Moreover, even if the Zero Now program achieves its intended goal of facilitating growth in the U.S. heavy-duty truck market, such growth may not positively affect our results for a variety of reasons. For example, if trucks purchased or financed in the program do not meet the minimum fuel purchase obligations under their supply agreements with us for any reason, including an operator experiencing lower-than-anticipated fuel demand, choosing not to fuel at our stations or failing to comply with its payment obligations under its supply agreement, then the program would not result in the intended growth in our fuel sales volume and consequent increase in our revenues. Although we have built ANGH, our nationwide network of natural gas truck-friendly fueling stations, some operators may choose to fuel their natural gas vehicles elsewhere due to lack of access or convenience, fuel prices or other factors. In that event, we would remain obligated to make payments under the debt agreements we have established in connection with the Zero Now program, which are based on the cost of the trucks purchased or financed in the program and not the amount of fuel volume we actually sell. As a result, we could become subject to significant payments under these debt agreements without a corresponding increase in revenues, in which case our performance and liquidity could be materially adversely affected.

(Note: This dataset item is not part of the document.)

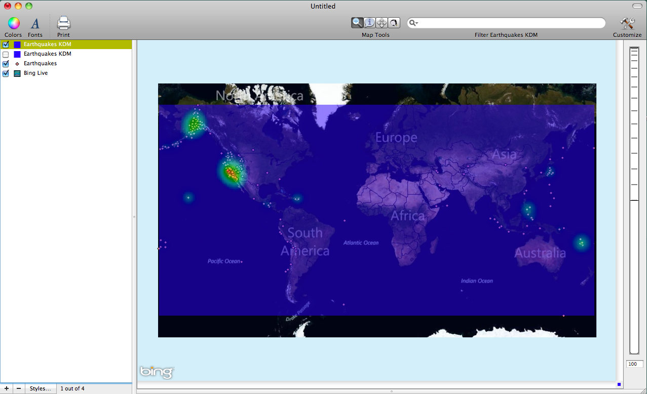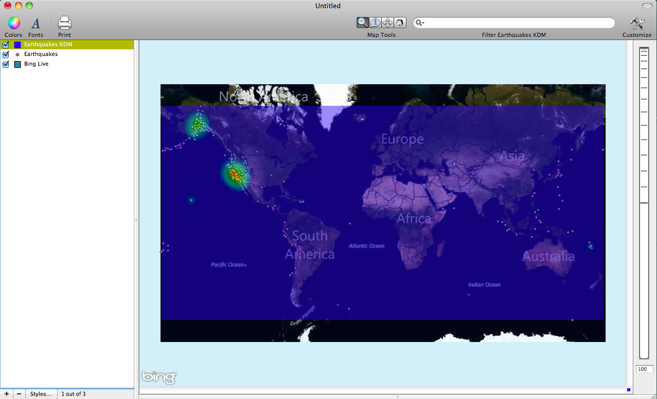 Visualizing the points on the map is only one way we can use the data. We can also create a kernel density map to determine where the highest concentration of seismic activate has occurred over the last seven days. To create a kernel density map select the Earthquakes layer in the layer stack and then hold down the option key and choose Tools > Make Kernel Density Map... This will bring up the Kernel Density window. Change the Kernel type to Exponential (Negative) then click Analyze. A screenshot is provided below of the kernel density map. Note: The layer opacity was changed by double clicking on the the Earthquake KDM layer in the layer stack and then adjusted using the opacity slider. The results indicate that much of the world's seismic activity as been focused on the U.S. West Coast and in Alaska.

We must effectively manage these risks in order to obtain the anticipated benefits from our Zero Now truck financing program and achieve our objective of fueling additional natural gas heavy-duty trucks. If we are not successful in meeting these objectives, our business, financial condition and operating results would be materially and adversely affected.

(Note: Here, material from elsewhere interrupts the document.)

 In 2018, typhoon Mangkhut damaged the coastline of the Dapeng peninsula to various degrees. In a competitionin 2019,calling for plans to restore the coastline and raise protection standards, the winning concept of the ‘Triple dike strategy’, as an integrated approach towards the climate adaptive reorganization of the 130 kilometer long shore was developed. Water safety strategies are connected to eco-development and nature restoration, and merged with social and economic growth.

Increases, decreases and general volatility in oil, gasoline, diesel and natural gas prices could adversely affect our business.

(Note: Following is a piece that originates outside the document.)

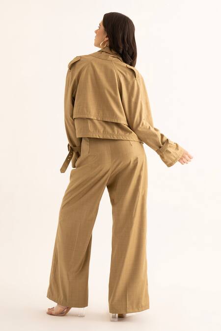 Brown crop trench jacket featuring a notched lapel collar and full sleeves

Gasoline and diesel are today's most prevalent vehicle fuels. Prices for crude oil, which is the commodity used to make gasoline and diesel, have been low in recent years, due in part to over-production and increased supply without a corresponding increase in demand. If the prices of crude oil, gasoline and diesel continue to be low or decline further, or if the price of natural gas increases without corresponding increases in the prices of crude oil, gasoline and diesel, then market adoption of natural gas as a vehicle fuel could be slowed or limited. Further, any of these circumstances could decrease the market's perception of a need for alternative vehicle fuels generally, which could cause the prospects for and success of our industry and our business to materially suffer. In addition, under these pricing conditions, we may not be able to offer our customers an attractive price advantage for CNG and LNG and maintain an acceptable margin on our sales. Any such failure could result in an inability to attract new customers or a loss of demand from existing customers, or could directly and negatively impact our results of operations if we are forced to reduce the prices at which we sell natural gas to try to avoid such an effect. Conversely, if prices of gasoline and diesel increase or the price of natural gas decreases, we may not be able to capture a material portion of any increase in the demand for natural gas vehicle fuel that could result from favorable pricing conditions, due to increased competition from new entrants in the natural gas vehicle fuels market, expanded programs by existing competitors, or other factors.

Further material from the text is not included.